Im Telekom-Shop gab es handfeste Flyer und einen (scheinbar - Geschichte geht noch ein bisschen weiter) kompetenten Mitarbeiter, der uns versicherte, 50Bit/s wären möglich, und das auch ohne Außenantenne, und zu ein wenig günstigeren Preisen als bei Vodafone. Somit war die Entscheidung gefallen.

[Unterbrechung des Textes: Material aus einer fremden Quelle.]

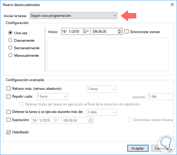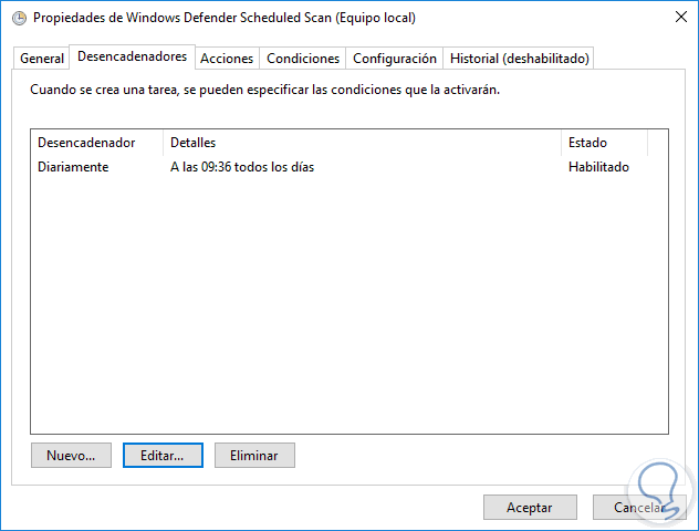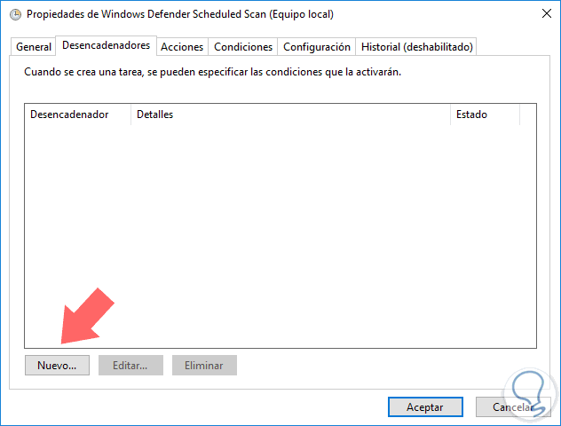 Allí podemos dejar la opción ya configurada, ahora vamos a la pestaña Desencadenadores y veremos lo siguiente:
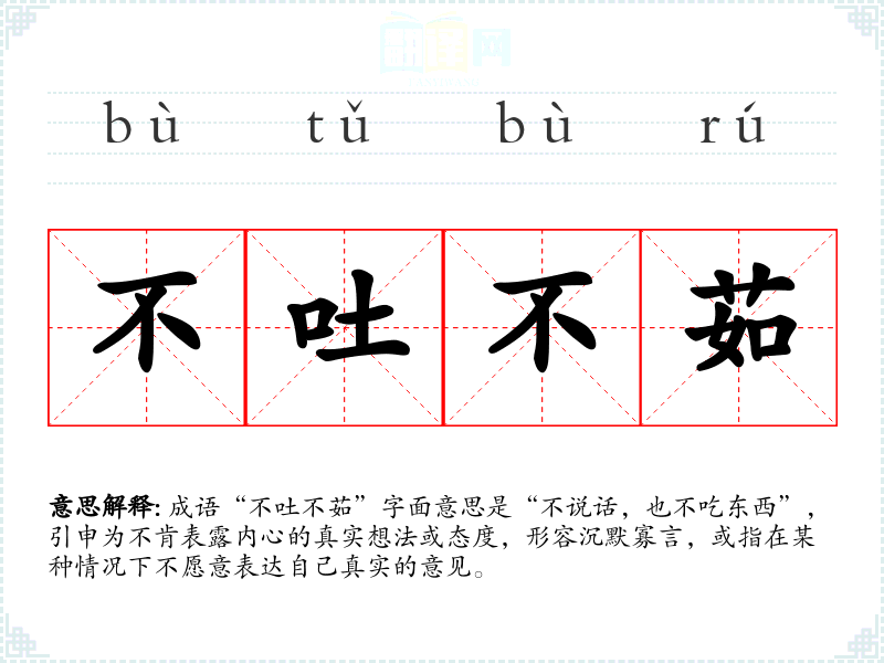 成语“不吐不茹”字面意思是“不说话,也不吃东西”,引申为不肯表露内心的真实想法或态度,形容沉默寡言,或指在某种情况下不愿意表达自己真实的意见。
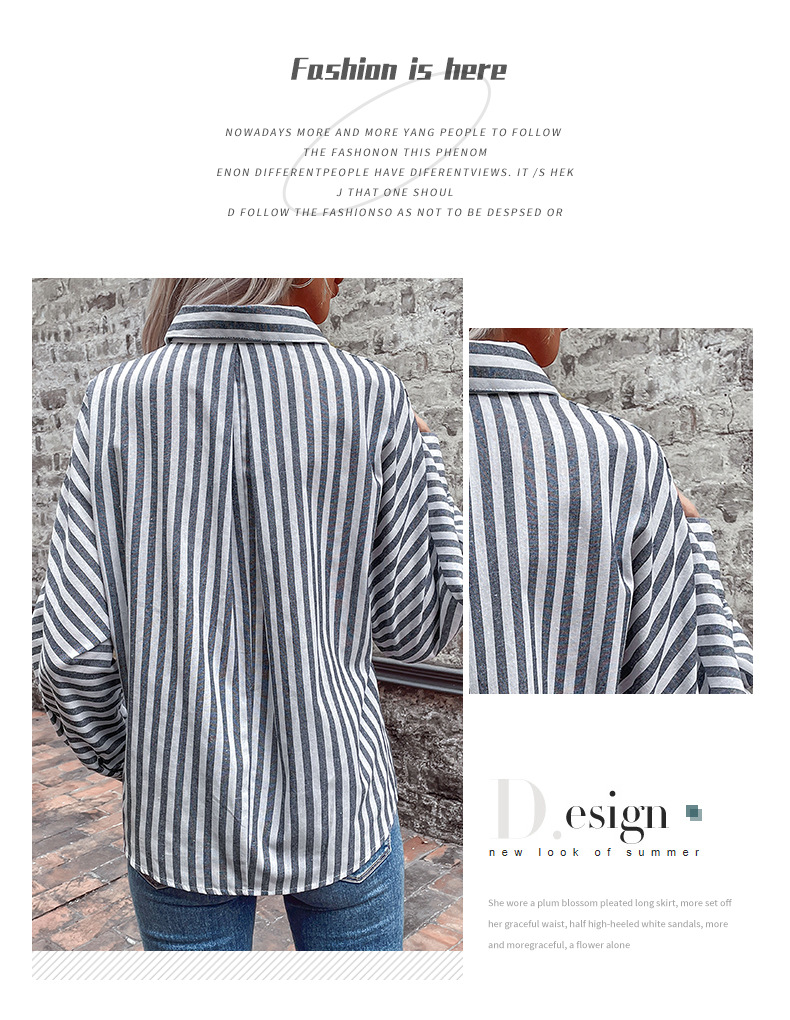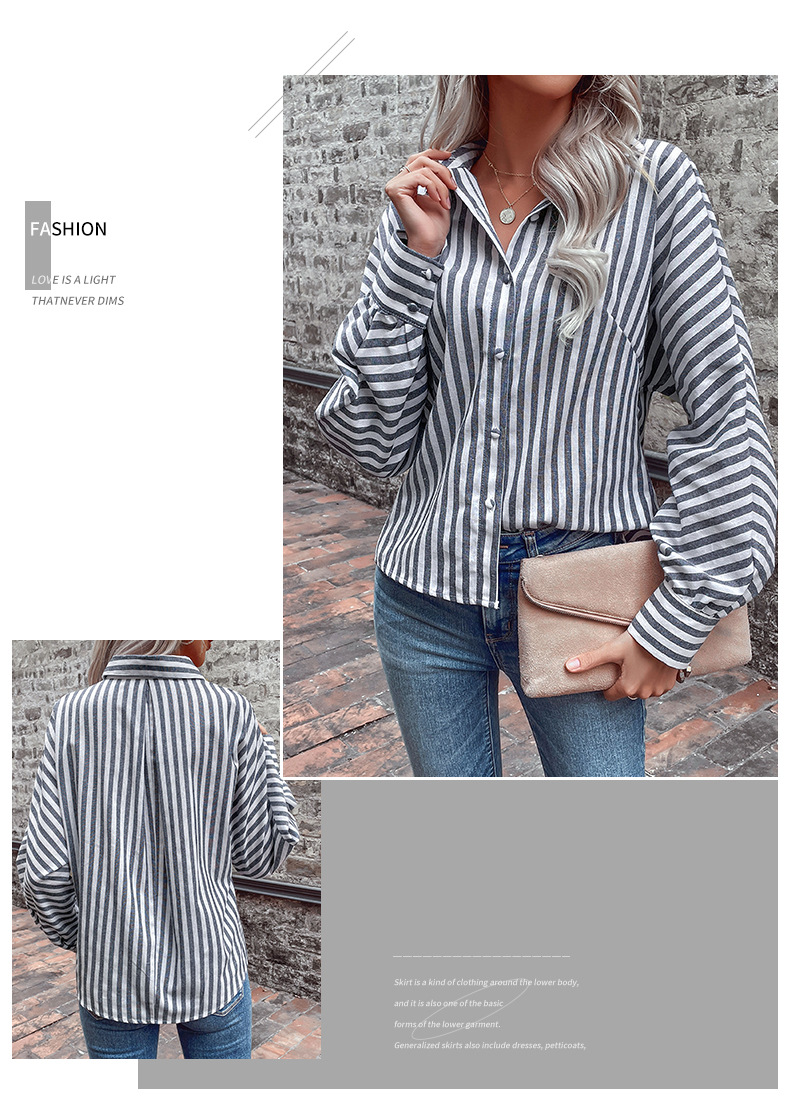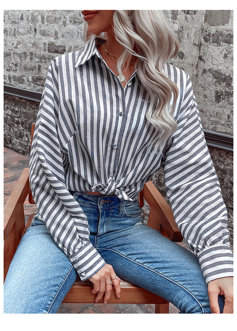 Gestreiftes Strickjacke Langarm-Poloshirt für Commuter Damen
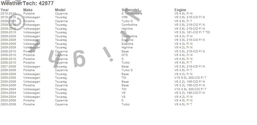 Below is an abbreviated list of applications for the Cargo Liner.Cayenne, Touareg, Porsche, Volkswagen, 2010, 2009, 2008, 2007, 2006, 2005, 2004, 2003
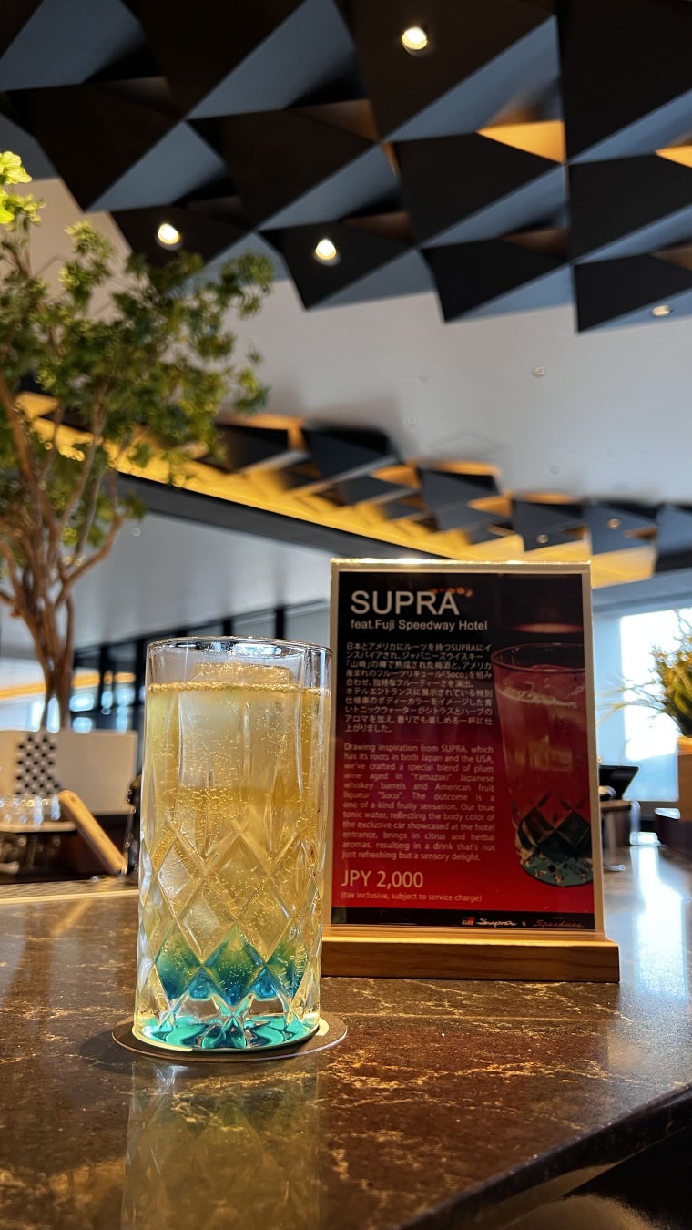 ウェルカムドリンクには、日本とアメリカにルーツを持つSupraにインスパイアされ、ジャパニーズウイスキー「山崎」の樽で熟成された梅酒と、アメリカ生まれのフルーツリキュール「Soco」を組み合わせて独特なフルーティーさを演出した限定カクテル「SUPRA feat.Fuji Spedway Hotel」も提供しました。
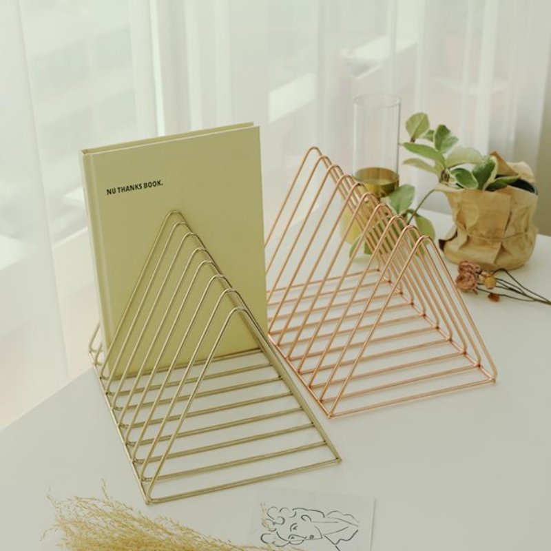 철제 스틸 골드 로즈골드 책상 삼각 책꽂이 - 책상책꽂이 책상위 사무실 미니 선반 정리대 철제책상책꽂이 인테리어 미니책꽂이 북트레이
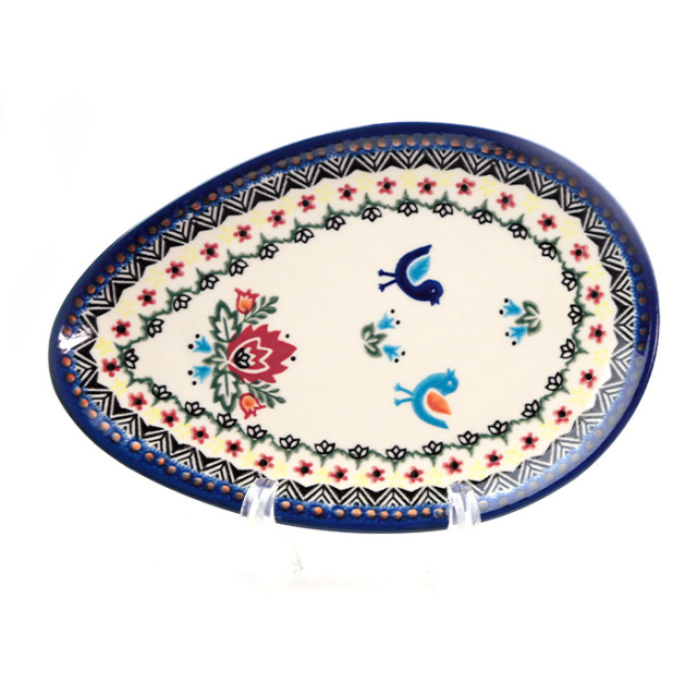 たまごの形が可愛くてユニークなプレート。朝ごはん用のプレートにしたり、上にマグを乗せてお菓子を添えて使ったり、メインディッシュと付け合わせを盛り付けたりと、実際は楽しい使い方を沢山連想できる食器で使い易い形です。自然の産物からかたどられたアシメトリーの絶妙なバランスがこのフォルムの特長で、難易度の高い絵付けの技術も求められます。
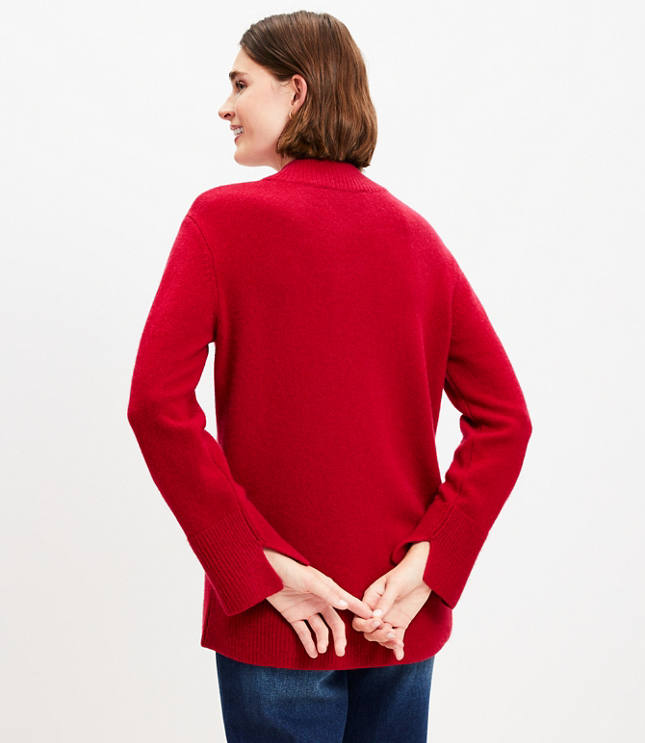 Slit Cuff Mock Neck Cashmere Tunic Sweater Very well made.
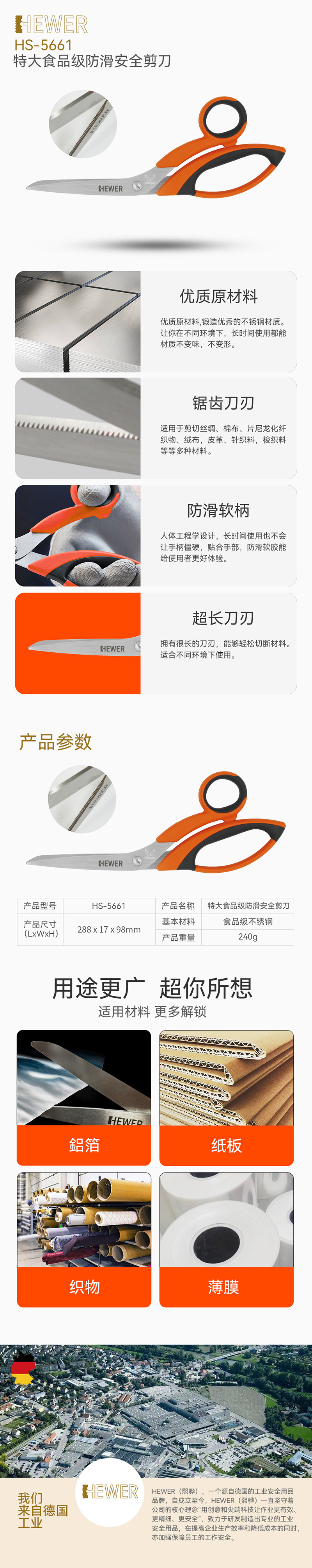 德国HEWER食品级防滑安全工业小剪刀 HS-3631
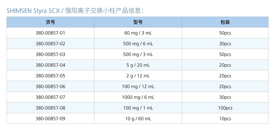 将苯磺酸丙基与硅胶颗粒结合的固相萃取小柱。磺酸基团极易解离而呈阴离子状态,具有较强的阳离子交换性能。并且由于苯环的存在,吸附剂还具有非极性,能与化合物发生非极性相互作用,适合碱性化合物的分离。
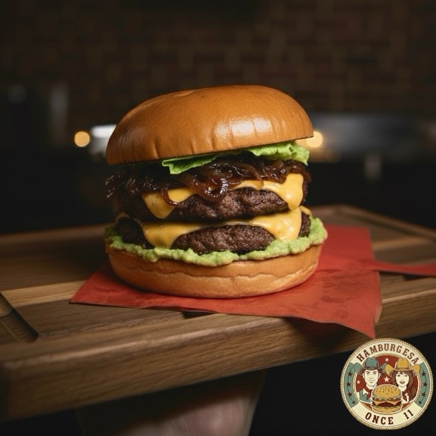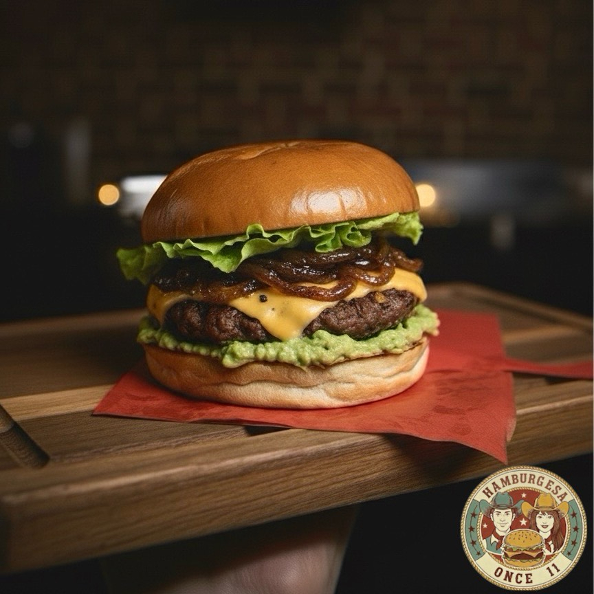 Carne 250gr, queso, guacamole, cebolla caramelizada, jalapeño, aderezo de la casa.
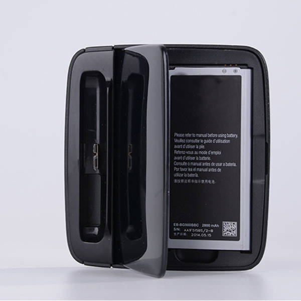 Features: * Portable andlightweight, easy to use and carry, convenient for travelers and business users, * Dual charging slot support charge your backup battery and phone at the same time. * Synchronize data and charge at the same time when connect with PC, computer.Descriptions: Color :Black Input: 5.2V-2.0A; 5.0V-500mA Output: 4.4V-1.7A; 4.4v-450mA Weight: Approx. 80g Compatible with: Samsung Galaxy S5 i9600 or Samsung Galaxy Note3 N9000 Package included:1* Dual Battery Phone Dock Charger
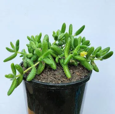 Small cylindrical fleshy leaves, with small yellow flowers in summer.
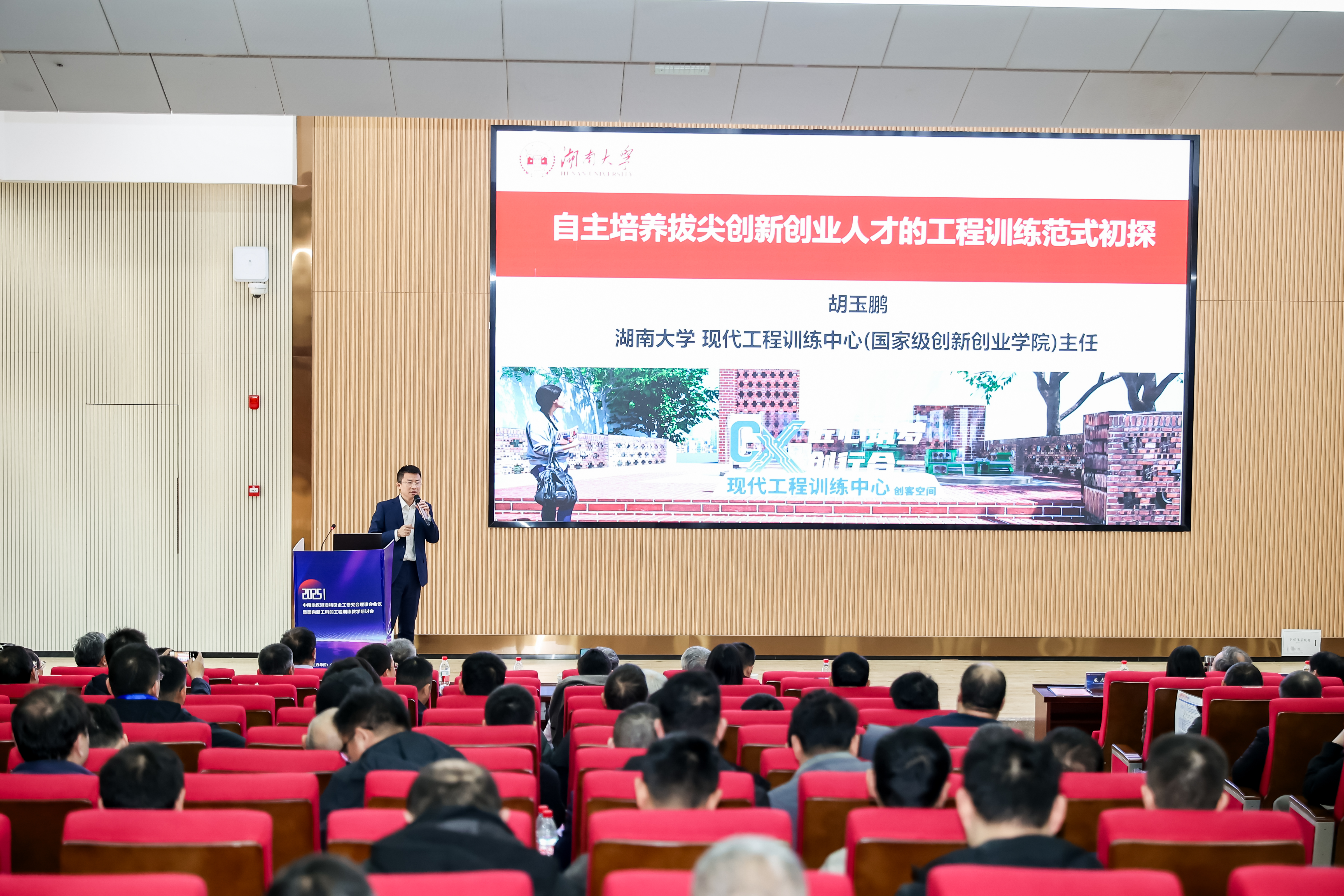 2025中南地区港澳特区金工研究会理事会议暨面向新工科的工程训练教学研讨会于11月21日-23日在长沙召开,中心主任胡玉鹏教授在会上作了题为“自主培养拔尖创新创业人才的工程训练范式初探”的邀请报告,阐述了本中心相关的实践探索与改革经验。
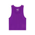 Wardrobe staple cropped tank top in purple. Features racer back and a small tone on tone logo with text "more love" at bottom right.

Am 03.08.2013 begaben wir uns also in den Telekom-Shop, trafen den gleichen Mitarbeiter wieder, und haben bei ihm einen LTE-Anschluss beantragt. Während dessen fragte er zwei Mal, ob bereits ein Telefonanschluss besteht, was wir verneinten, da es sich ja um einen Neubau handele. Letztendlich hieß es, am 09.08.2013 soll alles funktionieren, bis dahin würden wir auch die Hardware erhalten.
QEE? Richtig, bis zum 16.08.2013 war keine Hardware da, und auch kein Anruf der Telekom. An diesem Tag waren wir sowieso unterwegs, und statteten dem Telekom-Shop einen weiteren Besuch ab. Der Mitarbeiter, bei dem wir den Antrag stellten, war nicht im Shop, der Kollege verriet uns aber, dass der Auftrag nicht ausgeführt werden konnte, da bei einem Neuanschluss ein Techniker-Besuch notwendig ist - gut dass der erste Mitarbeiter gleich zwei Mal gefragt hat, ob es schon einen Telefonanschluss gibt... Jedenfalls vereinbarten wir einen Technikertermin am 27.08.2013 zwischen 16 und 18 Uhr. Am 24.08. traf die Hardware ein (LTE-Verbindung konnten wir noch nicht herstellen) und am 27.08.2013 um 18:35 Uhr auch tatsächlich der Techniker. Um 18:40 Uhr waren wir dann online und festnetztelefonisch erreichbar. Die Festnetznummer ist einfach zu merken, lauter 90er-Ziffernfolgen, und wir erreichen abhängig vom Standort des LTE-Empfängers Downstream-Geschwindigkeiten von 15 (im Keller) bis 25 (im holzigen Turmzimmer im DG) MBit/s und Upstream-Geschwindigkeiten von 4 MBit/s - was für ländliche Gegenden ja ganz ordentlich ist.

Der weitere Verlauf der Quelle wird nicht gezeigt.